> _Stored dataset items_
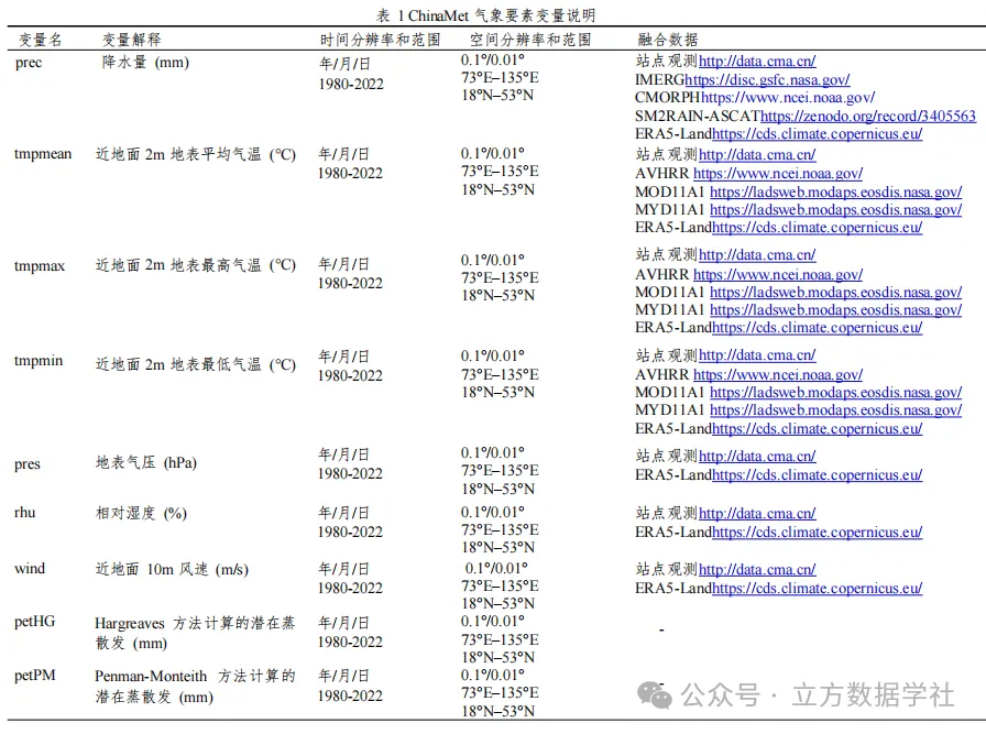 气象数据是我们在各项研究中都经常使用的数据,尤其是高精度的气象数据应用价值非常高。之前我们分享过nc格式的1980-2022年中国高分辨率逐日、逐月、逐年气象数据!该数据来源于研究者张凌, 胡英屹等发布在国家冰川冻土沙漠科学数据中心平台上的多源数据融合的中国高分辨多要素气象驱动产品(ChinaMet)!之前我们已经分享了基于该数据转换出的tif格式的0.01°分辨率逐日、逐月、逐年降水量栅格数据、平均气温栅格数据和最高气温栅格数据(可查看之前的文章获悉详情)!
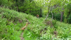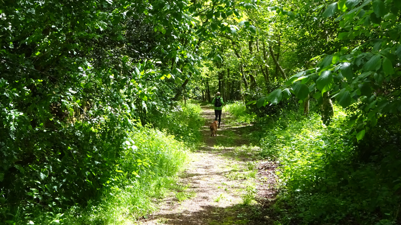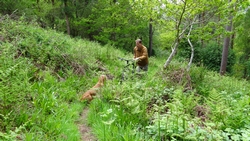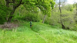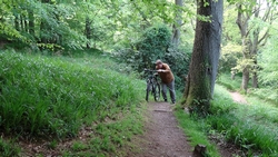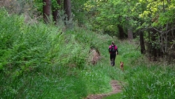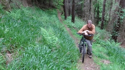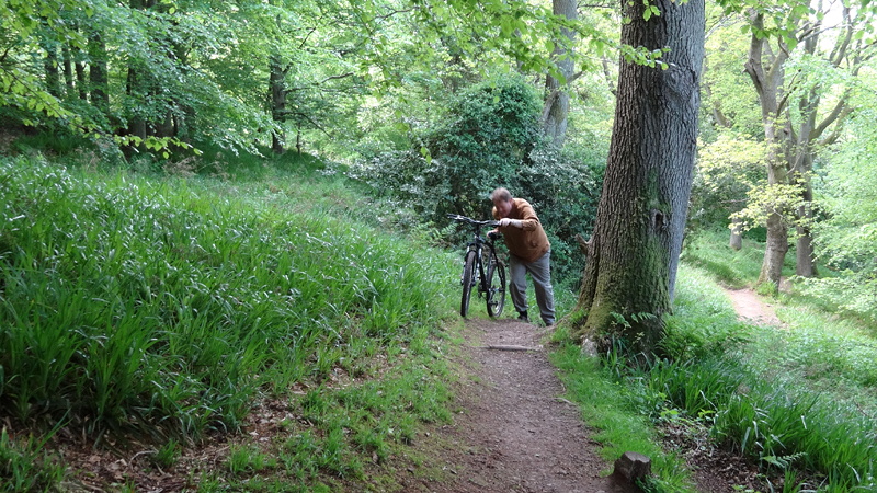 Als we het kinderpad gedaan hebben, slaan we linksaf en zullen daarna even een paadje omhoog moeten nemen die ons op het hoger gelegen pad zal brengen weer richting de parkeerplaats. Weet ik veel. We merken al snel dat het nauwelijks te doen is. Het loopt op sommige stukken bijna vertikaal omhoog. Maar dit jaar hoor ik geen gescheld achter me van S met de fiets. Hij is of stiller geworden, of sterker. Dapper duwt hij de fiets omhoog over het pad. Er is tenminste wel een pad, dat scheelt alweer.
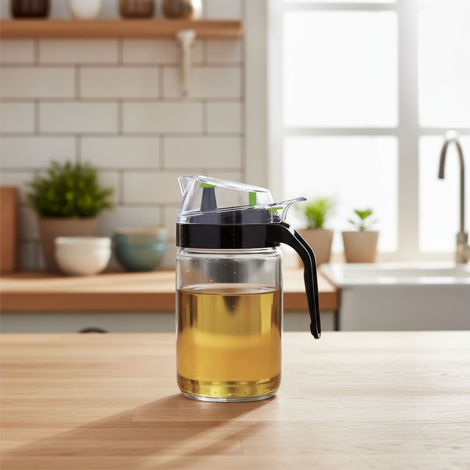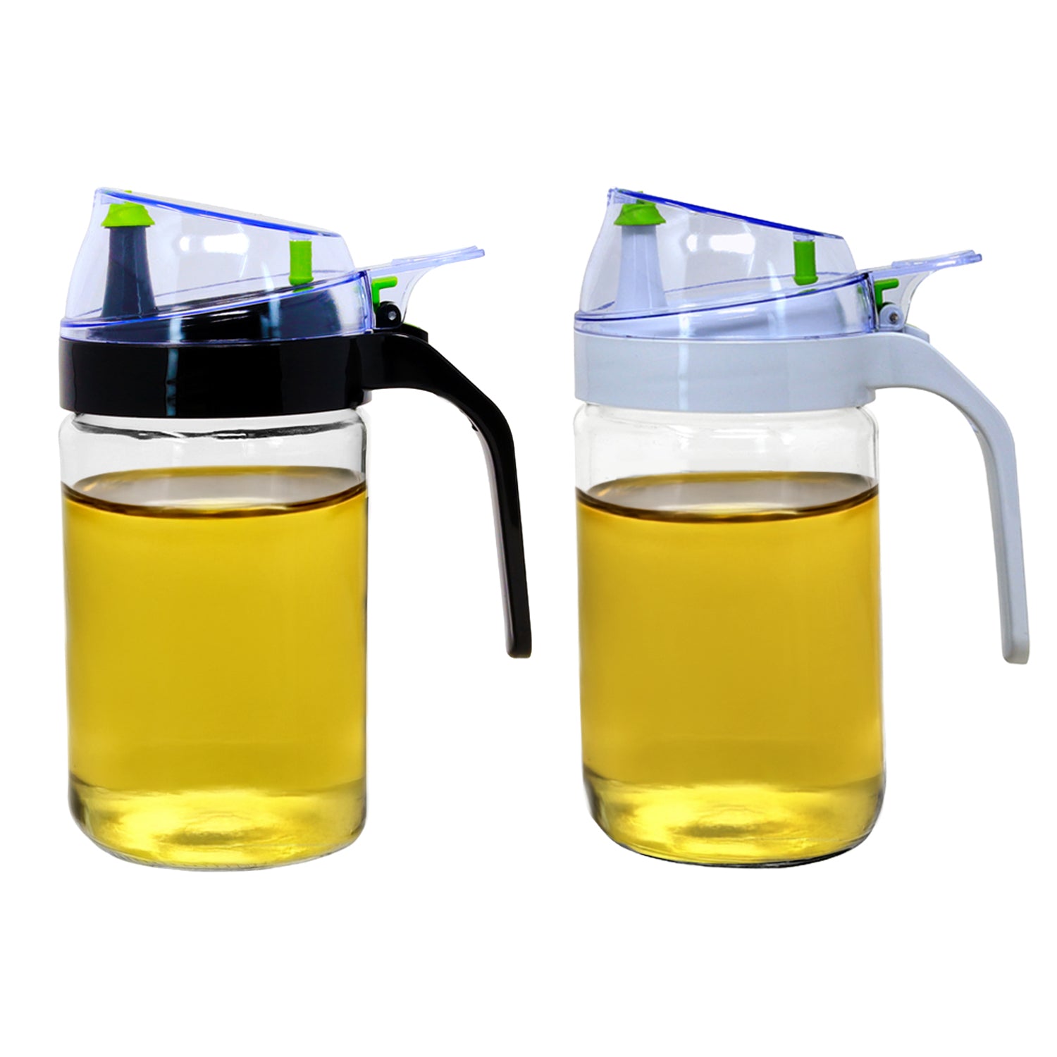 Transform your kitchen with this 2-piece Clear Glass Oil Bottle Set. It has a transparent, round body, sleek plastic pourer, and lid in black or white variation. Ideal for precisely storing and pouring vinegar, olive oil, or sauces. Its modern, minimalist design complements any kitchen style (random colour bottle is sent).
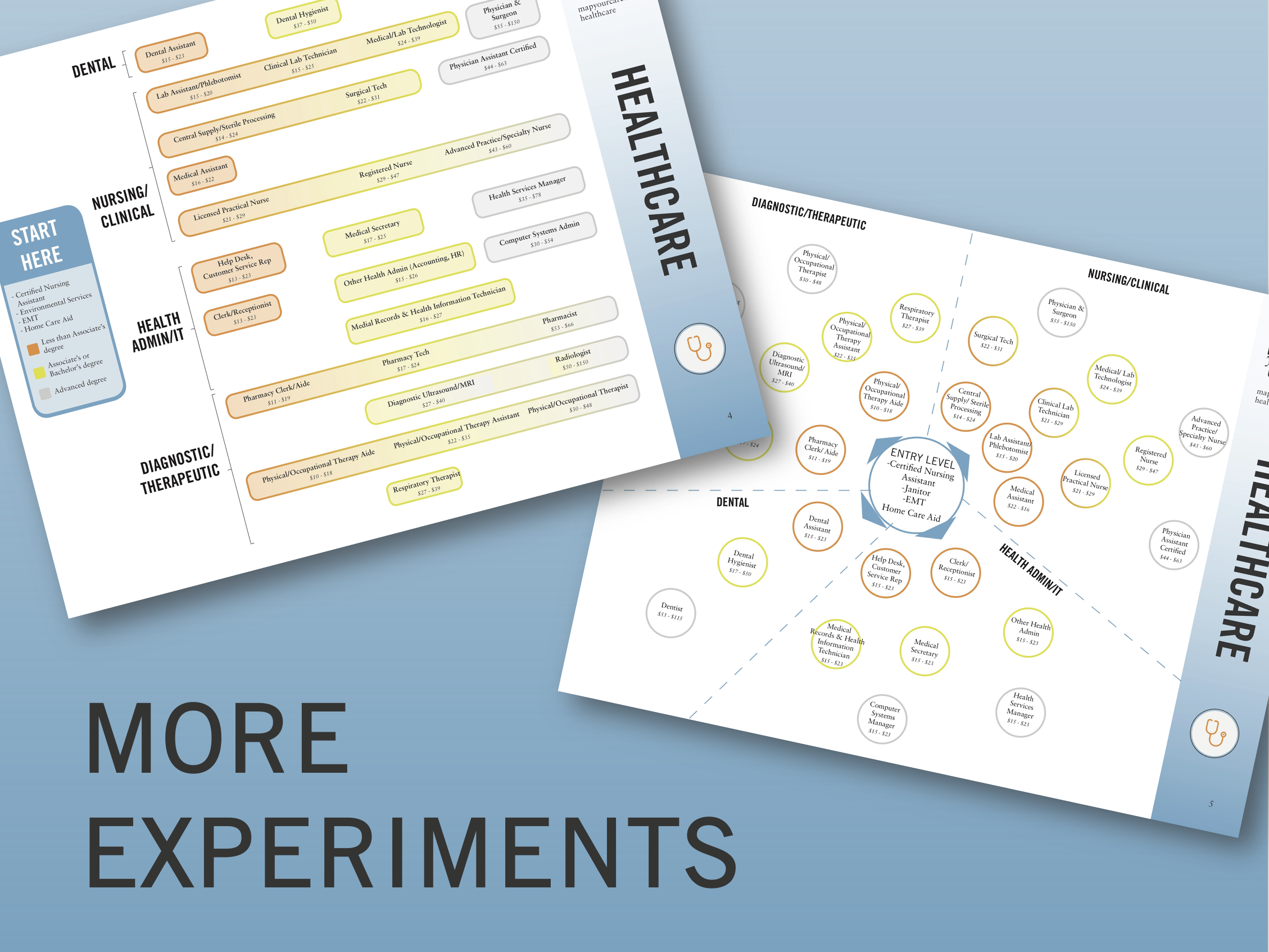 In addition to designing the maps themselves, we also needed to create summaries to reflect high-level data about an industry that made it viable for someone looking to start or change careers, using 10-year labor market estimates as a guide. For these we incorporated simple approaches to showing relevant data and decided to omit some data which was better viewed in an online dashboard. I created stylized images to complement the abstract maps, and to ground each spread in a visually distinct portrayal of the work environment. These details may seem superfluous, taking up valuable printed space, but they provide a cohesion to the project and lend well to the web adaptation.
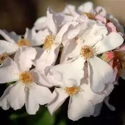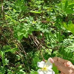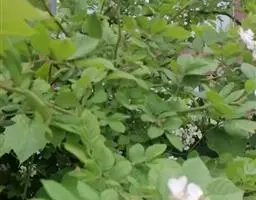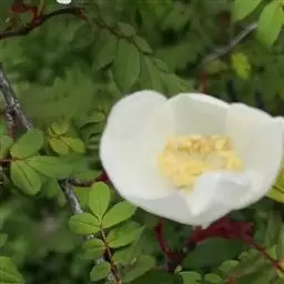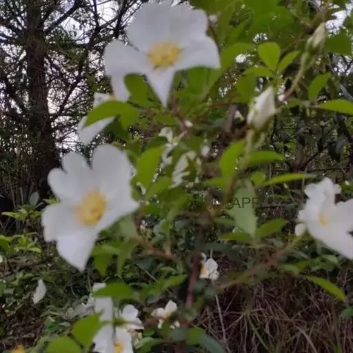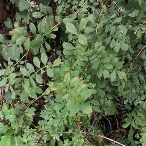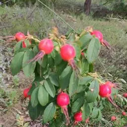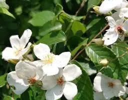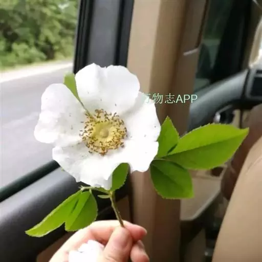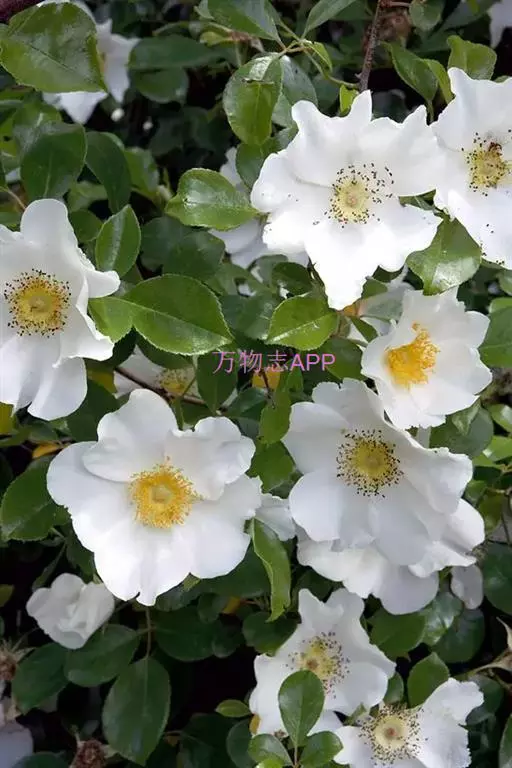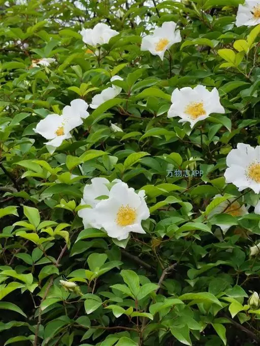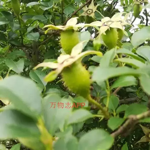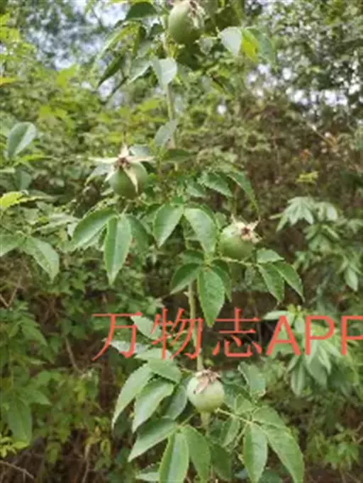 金樱子(学名:Rosa laevigata Michx.):常绿攀援灌木,高可达5米;小枝粗壮,散生扁弯皮刺,无毛。小叶革质,通常3,稀5;小叶片椭圆状卵形、倒卵形或披针状卵形,边缘有锐锯齿,上面亮绿色,无毛,下面黄绿色;托叶离生或基部与叶柄合生,披针形,边缘有细齿。花单生于叶腋,直径5-7厘米;花瓣白色,宽倒卵形,先端微凹;果梨形、倒卵形,稀近球形,紫褐色,外面密被刺毛。花期4-6月,果期7-11月。
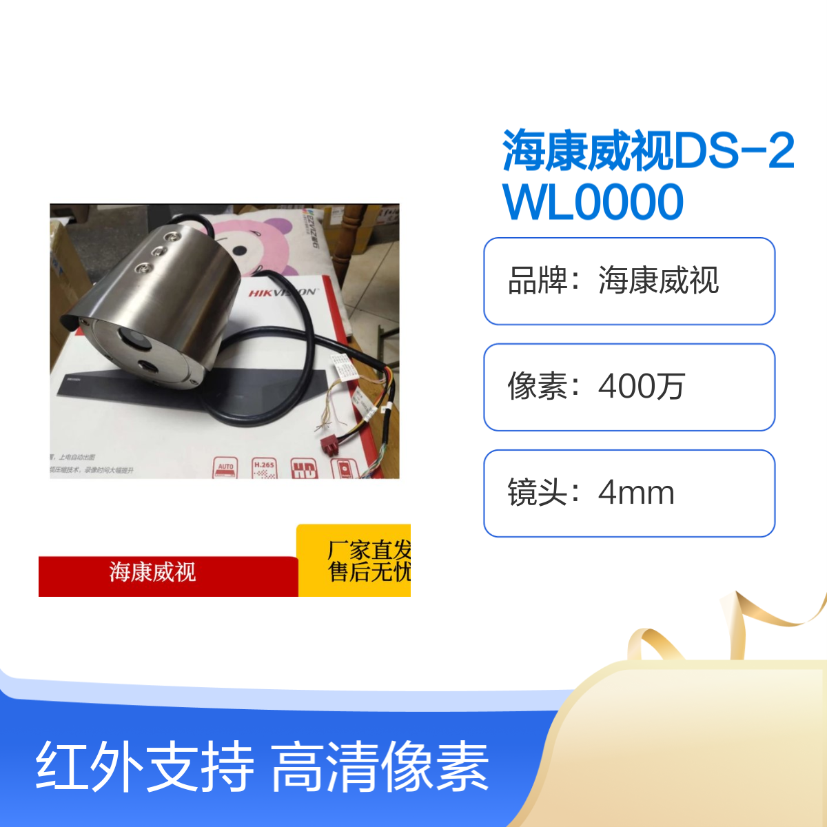 品牌:海康威视是否支持加工定制:否是否进口:否是否支持红外:是尺寸:202x174x172mm是否支持电脑监控:是分辨率:2560x1440工作湿度:-30℃~60℃,湿度小于95%(无凝结)工作温度:-30~60红外灯照射距离:最远可达30米

> _PROMPT_
Every entry above should be printed again exactly, except for the pictures.

> _RESULT_
 气象数据是我们在各项研究中都经常使用的数据,尤其是高精度的气象数据应用价值非常高。之前我们分享过nc格式的1980-2022年中国高分辨率逐日、逐月、逐年气象数据!该数据来源于研究者张凌, 胡英屹等发布在国家冰川冻土沙漠科学数据中心平台上的多源数据融合的中国高分辨多要素气象驱动产品(ChinaMet)!之前我们已经分享了基于该数据转换出的tif格式的0.01°分辨率逐日、逐月、逐年降水量栅格数据、平均气温栅格数据和最高气温栅格数据(可查看之前的文章获悉详情)!
 Als we het kinderpad gedaan hebben, slaan we linksaf en zullen daarna even een paadje omhoog moeten nemen die ons op het hoger gelegen pad zal brengen weer richting de parkeerplaats. Weet ik veel. We merken al snel dat het nauwelijks te doen is. Het loopt op sommige stukken bijna vertikaal omhoog. Maar dit jaar hoor ik geen gescheld achter me van S met de fiets. Hij is of stiller geworden, of sterker. Dapper duwt hij de fiets omhoog over het pad. Er is tenminste wel een pad, dat scheelt alweer.
 Transform your kitchen with this 2-piece Clear Glass Oil Bottle Set. It has a transparent, round body, sleek plastic pourer, and lid in black or white variation. Ideal for precisely storing and pouring vinegar, olive oil, or sauces. Its modern, minimalist design complements any kitchen style (random colour bottle is sent).
 In addition to designing the maps themselves, we also needed to create summaries to reflect high-level data about an industry that made it viable for someone looking to start or change careers, using 10-year labor market estimates as a guide. For these we incorporated simple approaches to showing relevant data and decided to omit some data which was better viewed in an online dashboard. I created stylized images to complement the abstract maps, and to ground each spread in a visually distinct portrayal of the work environment. These details may seem superfluous, taking up valuable printed space, but they provide a cohesion to the project and lend well to the web adaptation.
 金樱子(学名:Rosa laevigata Michx.):常绿攀援灌木,高可达5米;小枝粗壮,散生扁弯皮刺,无毛。小叶革质,通常3,稀5;小叶片椭圆状卵形、倒卵形或披针状卵形,边缘有锐锯齿,上面亮绿色,无毛,下面黄绿色;托叶离生或基部与叶柄合生,披针形,边缘有细齿。花单生于叶腋,直径5-7厘米;花瓣白色,宽倒卵形,先端微凹;果梨形、倒卵形,稀近球形,紫褐色,外面密被刺毛。花期4-6月,果期7-11月。
 品牌:海康威视是否支持加工定制:否是否进口:否是否支持红外:是尺寸:202x174x172mm是否支持电脑监控:是分辨率:2560x1440工作湿度:-30℃~60℃,湿度小于95%(无凝结)工作温度:-30~60红外灯照射距离:最远可达30米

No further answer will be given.